[Data — start]

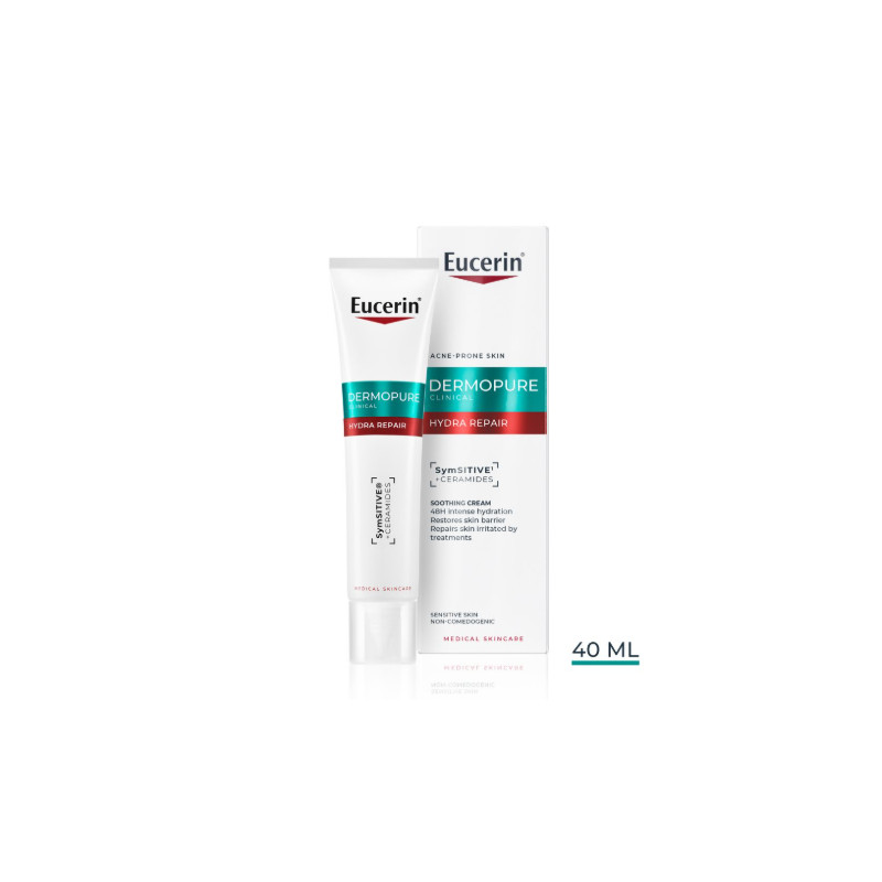 "Eucerin DermoPure CLINICAL Obnovujúci krém je intenzívne hydratačný krém vhodný na upokojenie podráždenej pleti a zmiernenie vedľajších, silne vysušujúcich účinkov liečby akné. Obsahuje unikátnu kombináciu upokojujúceho Symsitive¹ a ceramidov, ktoré podporujú ochrannú bariéru pleti a znižujú stratu hydratácie.
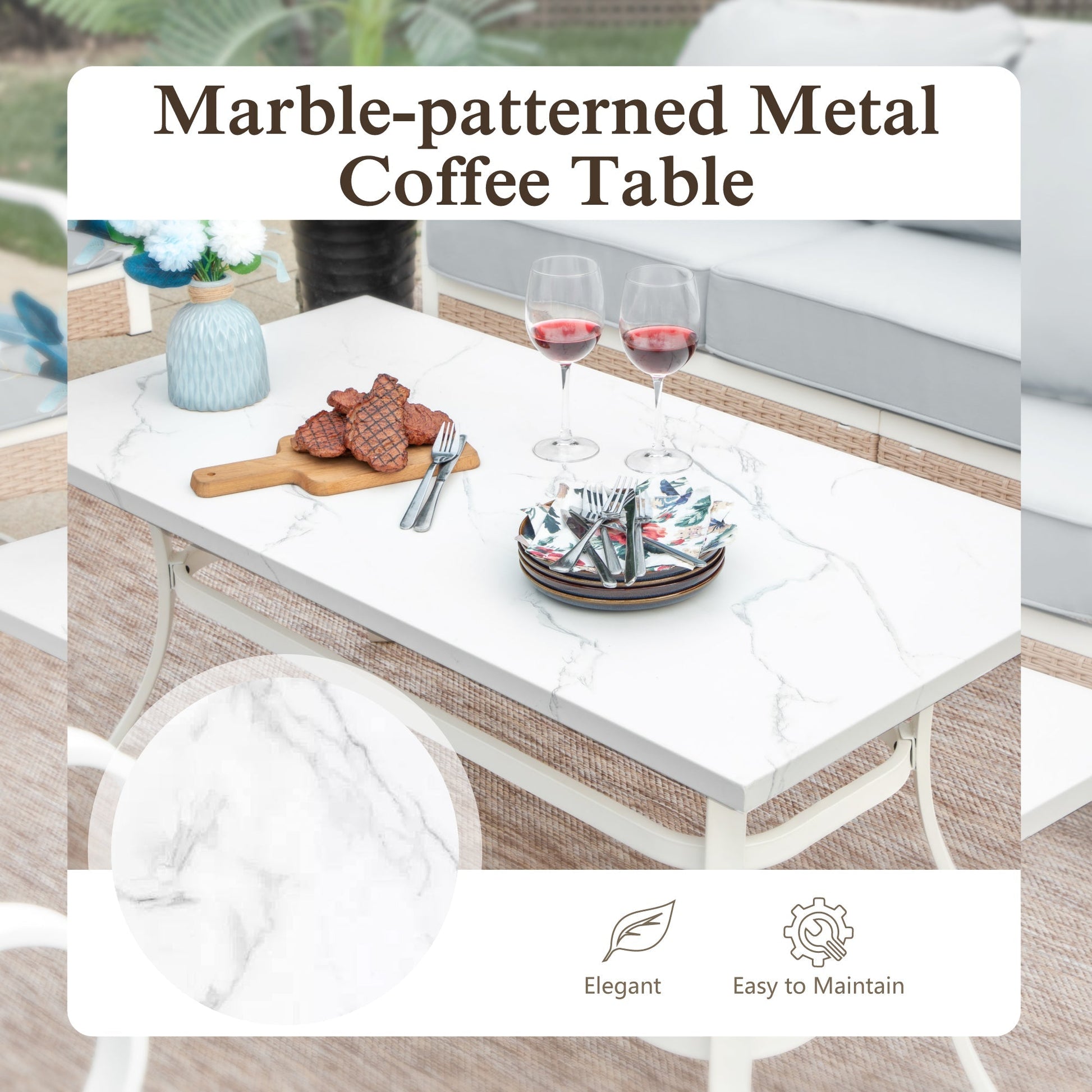 Our Sophia&William Patio Conversation Set is the perfect match for your outdoor Garden, Poolside, Balcony and any other outdoor area. We select steel frame and covered with a coating on the surface, designed to be rust-resistant and long-lasting, to ensure that your conversation set can last for many years. The table's smooth frame and faux-marble surface make for an easy-to-clean table that can be wiped in seconds. Different from the market, our seat cushion uses 28D high resilience sponge and Olefin fabric, oil resistant and fade-resistant. When you sit on it, it will eliminate the fatigue of your day. Don't hesitate, take this perfect patio conversation set to your family!
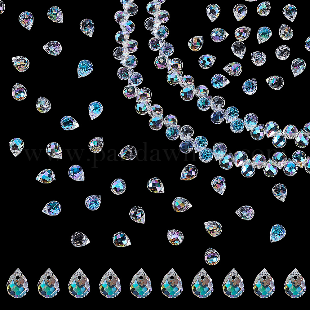 • Прозрачный АВ 2пряди гальванизированные стеклянные бусины пряди, слеза, граненые, ясно AB, 10x8 мм, отверстие : 1.2 мм, около 95 шт / нитка, 20.08 дюйм (51 см)

[Data — finish]

* Your goal: Copy all of the listing word for word, minus the images.

* Problem solution:
 "Eucerin DermoPure CLINICAL Obnovujúci krém je intenzívne hydratačný krém vhodný na upokojenie podráždenej pleti a zmiernenie vedľajších, silne vysušujúcich účinkov liečby akné. Obsahuje unikátnu kombináciu upokojujúceho Symsitive¹ a ceramidov, ktoré podporujú ochrannú bariéru pleti a znižujú stratu hydratácie.
 Our Sophia&William Patio Conversation Set is the perfect match for your outdoor Garden, Poolside, Balcony and any other outdoor area. We select steel frame and covered with a coating on the surface, designed to be rust-resistant and long-lasting, to ensure that your conversation set can last for many years. The table's smooth frame and faux-marble surface make for an easy-to-clean table that can be wiped in seconds. Different from the market, our seat cushion uses 28D high resilience sponge and Olefin fabric, oil resistant and fade-resistant. When you sit on it, it will eliminate the fatigue of your day. Don't hesitate, take this perfect patio conversation set to your family!
 • Прозрачный АВ 2пряди гальванизированные стеклянные бусины пряди, слеза, граненые, ясно AB, 10x8 мм, отверстие : 1.2 мм, около 95 шт / нитка, 20.08 дюйм (51 см)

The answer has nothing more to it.